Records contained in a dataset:
────────
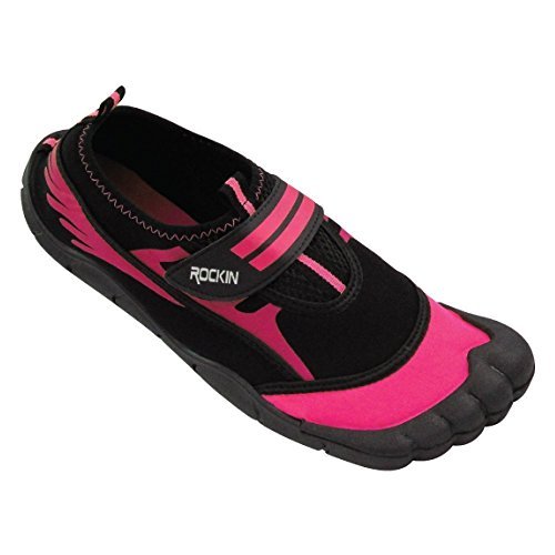 -. Binding : Apparel -. Brand : Rockin Footwear -. Department : womens -. Feature : The amphibious design will protect your toes & feet from sand to surf. / Easy on & off hook and loop closure. / Extra durable traction sole will keep you sturdy and reduce slips. / Breathable mesh panels & Velcro strap. Made of durable rubber for longer lasting. / These run LARGE, order a size down. -. Label : Rockin Footwear -. Manufacturer : Rockin Footwear -. NumberOfItems : 1 -. PackageQuantity : 1 -. ProductGroup : Shoes -. ProductTypeName : SHOES -. Publisher : Rockin Footwear -. Studio : Rockin Footwear -. Title : Rockin Footwear Womens Aqua Foot Water Shoes
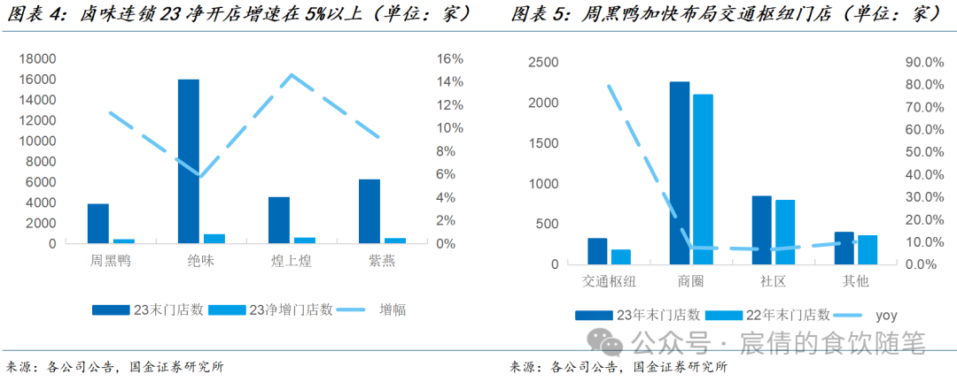 连锁卤味:消费场景打开,出行链加快修复。从各家23收入情况来看,周黑鸭/煌上煌/绝味/紫燕23年收入分别同比+17.08%/-1.70%/+9.64%/-1.46%。绝味和周黑鸭实现增长,而煌上煌和紫燕收入有所下滑。拆分开店数量来看,23年连锁卤味业态普遍加快开店节奏,周黑鸭/煌上煌/绝味/紫燕23年门店数量分别净增+387/+572/+874/+510家,绝味在高基数上仍然实现稳健扩张,龙头优势稳固。从门店类别看,因出行链人流修复,高势能门店布局速度更快,以周黑鸭披露数据为例,23年交通枢纽门店数增长约80%以上。
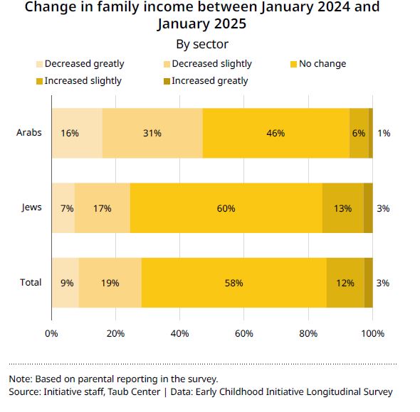 The survey examined reported changes in the incomes of families with young children as a result of the war, presenting parents’ reports on changes in family income between January 2024 and January 2025, broken down by sector. The findings show that a higher share of Arab parents reported a decline in their family income than did Jewish parents: 16% of Arab parents reported a large decrease in income versus only 7% of Jewish parents, and 31% of Arab parents reported a slight decrease compared to only 17% of Jewish parents.
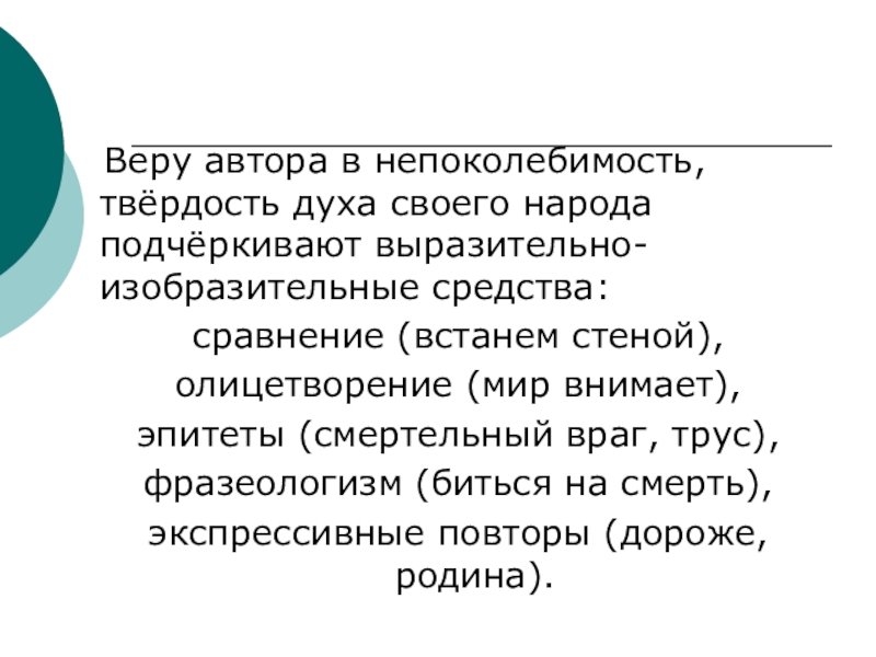 Слайд 20 Веру автора в непоколебимость, твёрдость духа своего народа подчёркивают
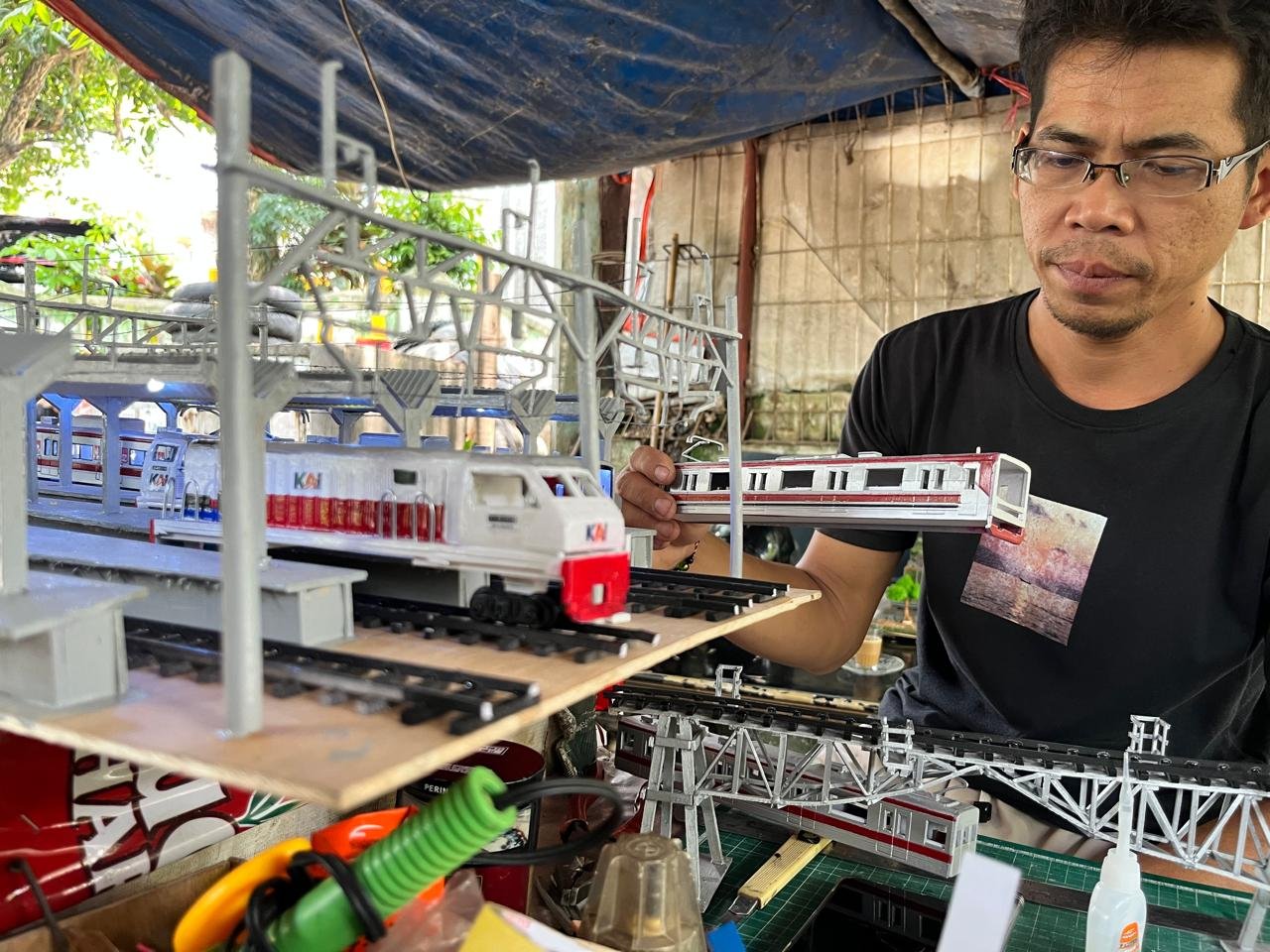“Jadi bukan hanya gerbong, saya juga membuat miniatur seperti stasiun, jembatan, dan lintasan rel,” tuturnya.
────────
Exercise goal: Every entry above should be written out again verbatim, with no pictures included.

Answer to this task:
 -. Binding : Apparel -. Brand : Rockin Footwear -. Department : womens -. Feature : The amphibious design will protect your toes & feet from sand to surf. / Easy on & off hook and loop closure. / Extra durable traction sole will keep you sturdy and reduce slips. / Breathable mesh panels & Velcro strap. Made of durable rubber for longer lasting. / These run LARGE, order a size down. -. Label : Rockin Footwear -. Manufacturer : Rockin Footwear -. NumberOfItems : 1 -. PackageQuantity : 1 -. ProductGroup : Shoes -. ProductTypeName : SHOES -. Publisher : Rockin Footwear -. Studio : Rockin Footwear -. Title : Rockin Footwear Womens Aqua Foot Water Shoes
 连锁卤味:消费场景打开,出行链加快修复。从各家23收入情况来看,周黑鸭/煌上煌/绝味/紫燕23年收入分别同比+17.08%/-1.70%/+9.64%/-1.46%。绝味和周黑鸭实现增长,而煌上煌和紫燕收入有所下滑。拆分开店数量来看,23年连锁卤味业态普遍加快开店节奏,周黑鸭/煌上煌/绝味/紫燕23年门店数量分别净增+387/+572/+874/+510家,绝味在高基数上仍然实现稳健扩张,龙头优势稳固。从门店类别看,因出行链人流修复,高势能门店布局速度更快,以周黑鸭披露数据为例,23年交通枢纽门店数增长约80%以上。
 The survey examined reported changes in the incomes of families with young children as a result of the war, presenting parents’ reports on changes in family income between January 2024 and January 2025, broken down by sector. The findings show that a higher share of Arab parents reported a decline in their family income than did Jewish parents: 16% of Arab parents reported a large decrease in income versus only 7% of Jewish parents, and 31% of Arab parents reported a slight decrease compared to only 17% of Jewish parents.
 Слайд 20 Веру автора в непоколебимость, твёрдость духа своего народа подчёркивают
“Jadi bukan hanya gerbong, saya juga membuat miniatur seperti stasiun, jembatan, dan lintasan rel,” tuturnya.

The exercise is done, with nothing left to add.